Running large language models locally requires matching model size to your available memory. Too large and the model won’t fit; too small and you’re not taking advantage of your hardware. llmfit automates this analysis:
  • No guesswork: See exactly which models fit your VRAM and RAM
  • Smart quantization: Automatically selects the best quality quantization that fits
  • Speed estimates: Get realistic tokens/sec predictions based on your GPU model and memory bandwidth
  • Multi-dimensional scoring: Balances quality, speed, memory fit, and context length for your use case

Key features

Hardware detection

llmfit automatically detects your system configuration:
  • CPU & RAM: Total and available system memory, CPU core count
  • NVIDIA GPUs: Multi-GPU support via nvidia-smi, aggregates VRAM across all GPUs
  • AMD GPUs: Detection via rocm-smi with ROCm acceleration
  • Intel Arc: Discrete VRAM via sysfs, integrated via lspci
  • Apple Silicon: Unified memory via system_profiler (VRAM = system RAM)
  • Ascend NPUs: Detection via npu-smi
  • Backend identification: Automatically identifies CUDA, Metal, ROCm, SYCL, or CPU acceleration
If GPU detection fails, use --memory=24G to manually specify your VRAM size.

Model scoring system

Every model is scored across four dimensions (0-100 each):
DimensionWhat it measures
QualityParameter count, model family reputation, quantization penalty, task alignment
SpeedEstimated tokens/sec based on backend, params, and quantization
FitMemory utilization efficiency (sweet spot: 50-80% of available memory)
ContextContext window capability vs target for the use case
Dimensions are combined into a weighted composite score.

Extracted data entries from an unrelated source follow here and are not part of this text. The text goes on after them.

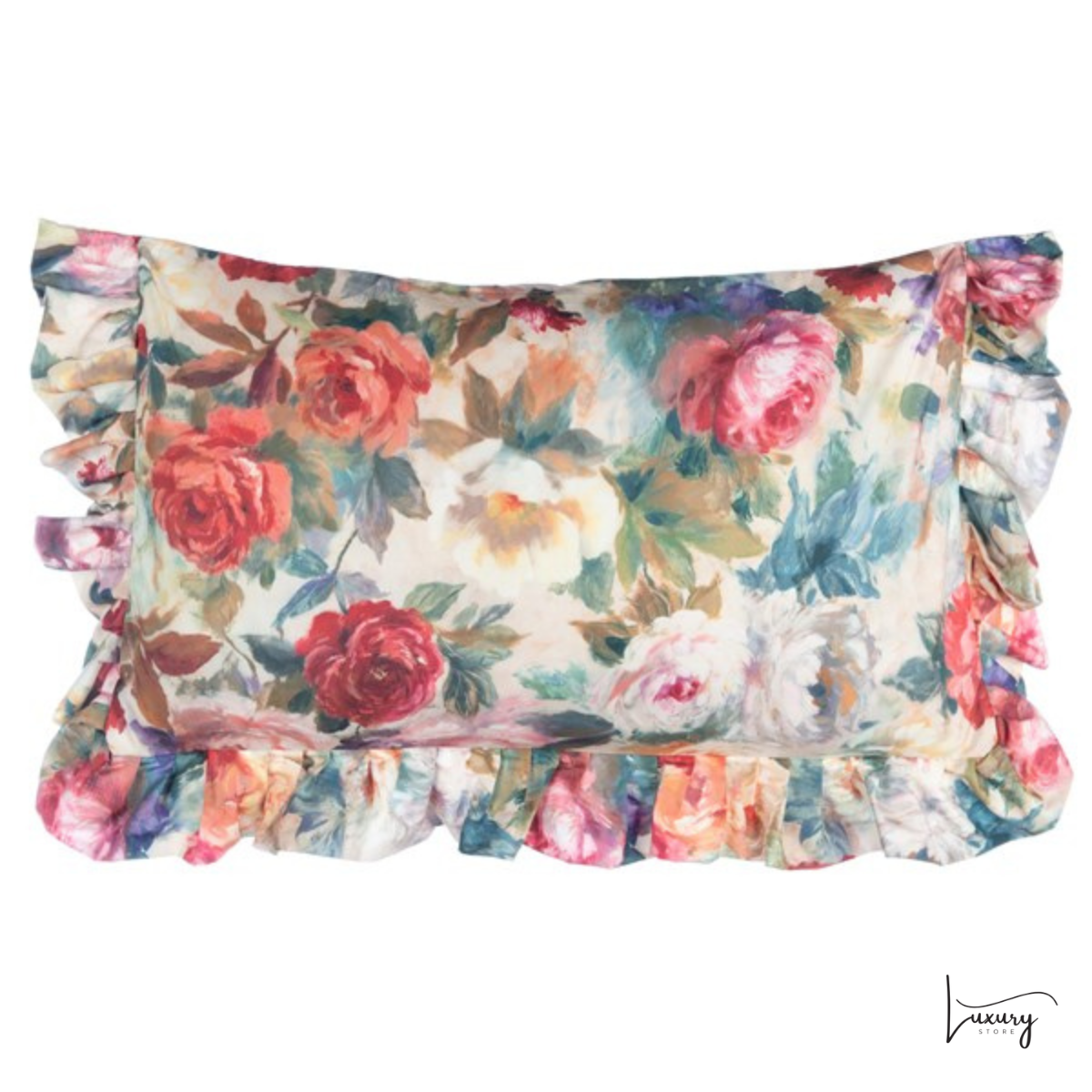 Il set è completo di due copriguanciali coordinati, con la stessa fantasia raffinata, per un effetto armonioso e curato nei minimi dettagli, firmato Blanc Mariclò.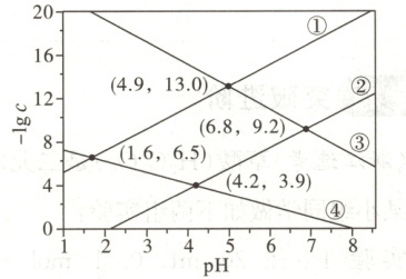 4.D 解析 $H_2S$ 为弱电解质, 分步电离, 随 $pH$ 增大, $HS^-$、$S^{2-}$ 均应逐渐增大, 且 $pH$ 较小范围内 $-\lg c(S^{2-})$ 比 $-\lg c(HS^-)$ 大, 故 ③ 为 $pH$ 与 $-\lg c(S^{2-})$ 的关系曲线, ④ 为 $pH$ 与 $-\lg c(HS^-)$ 的关系曲线; 已知 $K_{sp}(NiS) > K_{sp}(CdS)$, 则 ①、② 分别为 $pH$ 与 $-\lg c(Cd^{2+})$、$-\lg c(Ni^{2+})$ 的关系曲线; 根据 $(4.9, 13.0)$ 点可知, $K_{sp}(CdS) = c^2(Cd^{2+}) = (1 × 10^{-13})^2 = 1 × 10^{-26}$, A 项错误。根据上述分析 ③ 为 $pH$ 与 $-\lg c(S^{2-})$ 的关系, B 项错误。根据图中 $(4.2, 3.9)$ 可知, $K_{a_1} = \frac{c(H^+) · c(HS^-)}{c(H_2S)} = \frac{10^{-4.2} × 10^{-3.9}}{0.1} = 10^{-7.1}$, C 项错误。由曲线上 $(6.8, 9.2)$ 列式可得: $K_{a_2} = \frac{c(S^{2-}) · c^2(H^+)}{c(H_2S) · K_{a_1}}$, $K_{a_2} = \frac{c(S^{2-}) · c^2(H^+)}{c(H_2S) · K_{a_1}} = \frac{10^{-9.2} × (10^{-6.8})^2}{0.1 × 10^{-7.1}} = 10^{-14.7}$, D 项正确。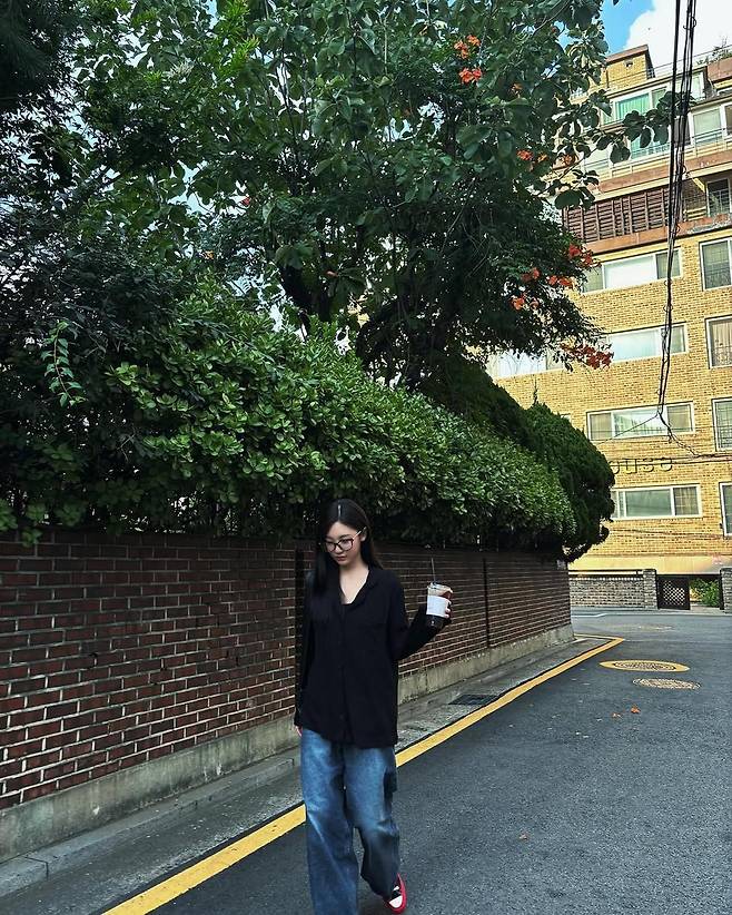 두 번째 룩은 완전히 다르다. 스트리트 무드가 느껴지는 블랙 셔츠와 워싱이 독특한 루즈핏 데님 팬츠. 무심하게 내린 생머리와 블랙 뿔테 안경까지 더해지니 도회적인 무드가 한껏 살아난다. 마치 뉴욕의 어느 골목을 걷는 듯한 분위기. 여기에 한 손에 커피를 든 모습은 평범한 일상 같지만, 그 자체로 스타일링의 완성이다. 뭔가 특별한 걸 하지 않아도, 그냥 걸어다니기만 해도 분위기가 난다.

Weights vary by use-case category:
  • Coding: Quality 0.40, Speed 0.25, Fit 0.25, Context 0.10
  • Reasoning: Quality 0.55, Speed 0.15, Fit 0.20, Context 0.10
  • Chat: Speed 0.35, Quality 0.30, Fit 0.25, Context 0.10
  • General: Balanced weighting across all dimensions

TUI and CLI modes

llmfit ships with two interfaces: Interactive TUI (default)
llmfit
Launches a full-screen terminal interface with:
  • Real-time filtering and search
  • Keyboard-driven navigation (vim-style j/k or arrow keys)
  • Model detail view with memory breakdown
  • Hardware planning mode for “what hardware do I need?” questions
  • 6 color themes (Dracula, Solarized, Nord, Monokai, Gruvbox, Default)
Classic CLI mode
llmfit --cli
llmfit fit --perfect -n 5
llmfit recommend --json --use-case coding
Outputs tables or JSON for scripting and automation.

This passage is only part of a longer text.